By Priscilla Grillakis, OUR Peer Research Ambassador
When attending such a well-known research university, it is difficult to go a day without hearing the seemingly hackneyed expression “get involved in research early on.” So often, this is interpreted to mean you should get involved in a professor’s research lab from freshman or sophomore year and continue this research until senior year. Although this a great form of a research experience, it is not the only form of undergraduate research.
Applying for a research grant independent from a specific lab is another form. Through my experience, I have learned that this is a great way to follow your own research interests, which you can continue to pursue throughout your undergraduate career.
Last year, I, along with three students from Neag School of Education, received a UConn IDEA Grant to design a peer tutoring program aimed at helping Emergent Bilingual students improve their language abilities. We worked with Windham High School to create a program that would address the needs and preferences of the students, which we learned through conducting interviews. My primary role in the group was monitoring the language acquisition of the students, and through this research project I was able to learn more about bilingual language acquisition. Throughout my education, my Spanish classes were my favorite because I loved the idea of learning and utilizing another language. I had always been interested in learning how our brains come to process a second language, so I was thrilled about the topic of this research project. Through my research, I was able to learn skills that I would not learn from my typical courses, such as maneuvering the IRB process, working on an interdisciplinary team, and communicating with school administration systems. I appreciated learning these skills, but my initial reasoning behind getting involved in undergraduate research was a desire to learn more about bilingual language acquisition, and that was the portion of research I wanted to continue.
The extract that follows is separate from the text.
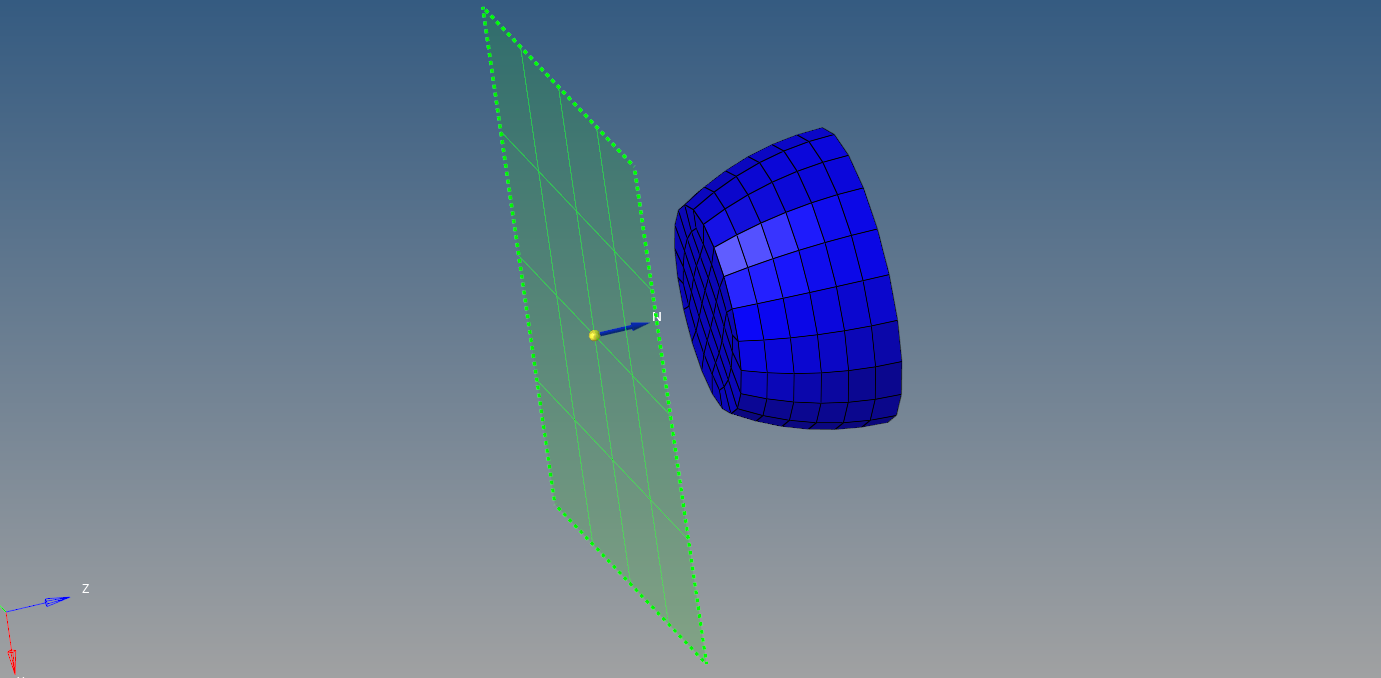 Next, we have to create a Rigid wall. For this, we will again right-click on the white-browser area and go to Create -> Rigid Wall. For assigning the coordinates for the rigid wall we first need to create a temporary node at a distance of 5mm from the bullet and then assign the normal vector as z direction as shown in the image below. Select the velocity set under gmod_ID1, Slide as 2 Sliding with friction and FRIC as 0.3. Refer to the below image.

I was sad when my first research project came to an end because I had enjoyed the topic I was researching. As the project was in its ending stages, I had to begin developing a research topic for my Honors Thesis. My Thesis offered the perfect opportunity to continue research on bilingual language acquisition, and I am thrilled that I can continue building off of what I learned in my initial research project. My Thesis will be an extensive literature review on bilingual language acquisition of English-language speakers who are learning Spanish at the high school level. I will develop a theorized second language acquisition program for students of this group and I will adapt the framework of this program so it may be conducive to learning language in various settings and situations, such as speech and hearing clinics.
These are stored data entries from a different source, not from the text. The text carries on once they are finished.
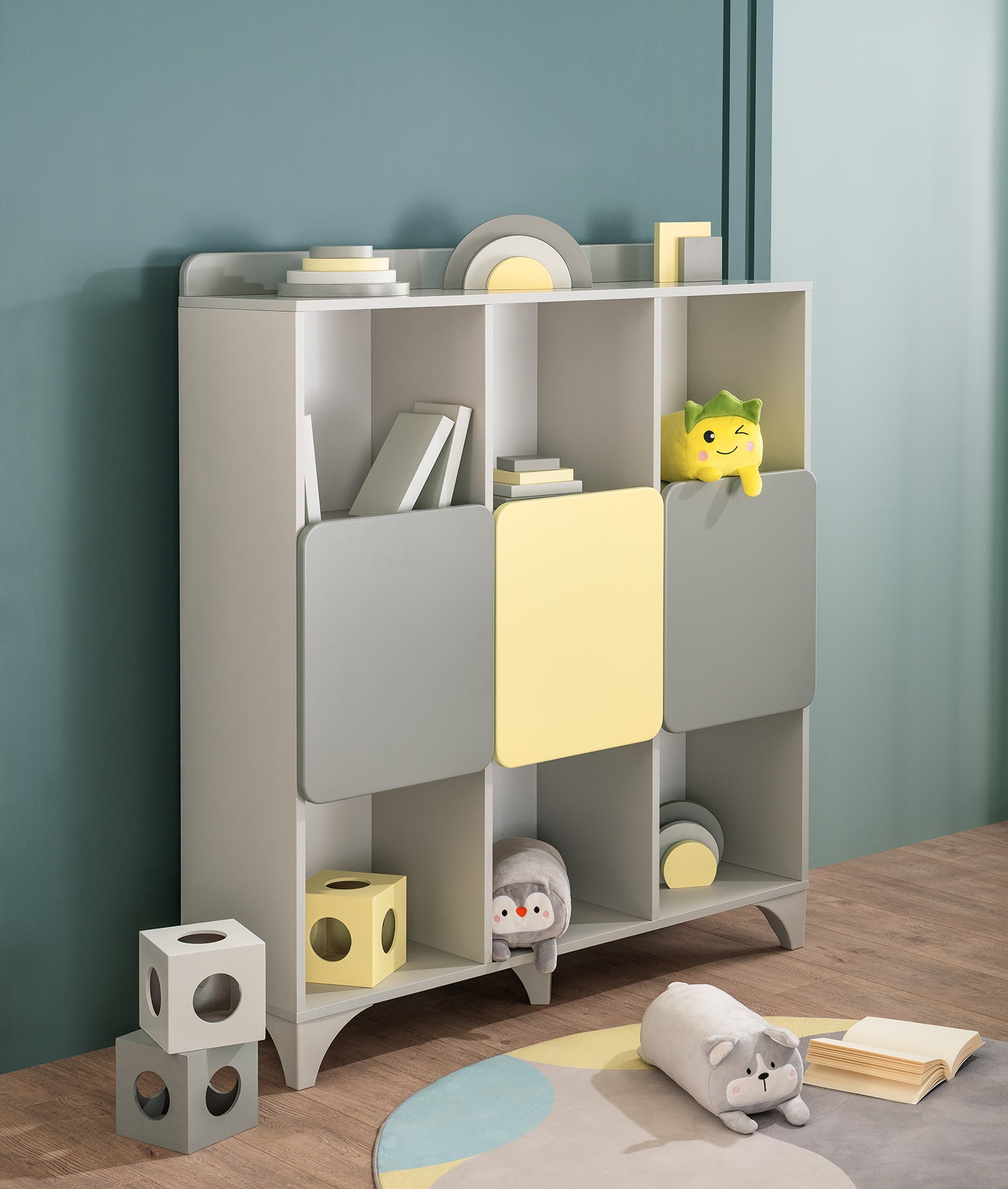 Der MINIA Spielzeugschrank ist mit Fächern ausgestattet, die für Spielzeug und persönliche Gegenstände geeignet sind und Ihrem Kind den Alltag erleichtern. Die Schrankfächer mit Türen und die Regale ermöglichen es, von Spielzeug bis hin zu Büchern viele persönliche Schätze ordentlich zu verstauen.
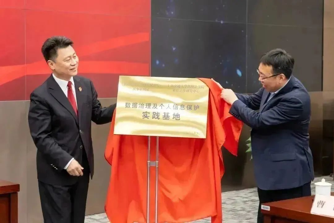 簽約后,孫軍副院長、彭誠信主任共同為“數(shù)據(jù)治理及個人信息保護(hù)實(shí)踐基地”揭牌。
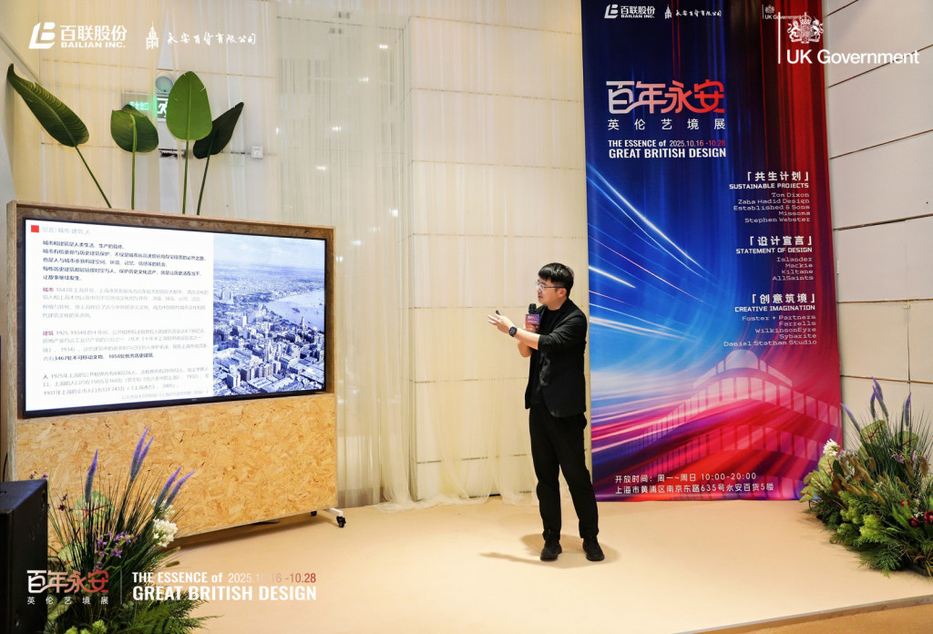 10月16日,英国驻上海总领事包迈岫(Matt Burney)、英国驻华贸易副使节施睿耀(Sohail Shaikh)、百联集团副总裁孙伟、百联股份董事长张申羽,以及多位建筑行业精英、专家学者、企业代表莅临百年永安-英伦艺境展开幕式现场,共同见证本次中英创意之约的璀璨启幕,本次活动将持续至10月28日,为中国观众提供近距离感受英国原创精神与匠心文化的机会。

In retrospect, I believe getting involved in research earlier in my undergraduate career enhanced my learning. For me, pursuing research outside of a specific lab on a topic I was interested in was a way for me to broaden my scope of learning. Through my courses, I learned about the topic of bilingual language acquisition, and through my research, I was able to deepen my understanding of the topic. My first research project allowed me to gain a deeper understanding of the topic, and my Thesis is granting me an opportunity to further develop and apply my knowledge.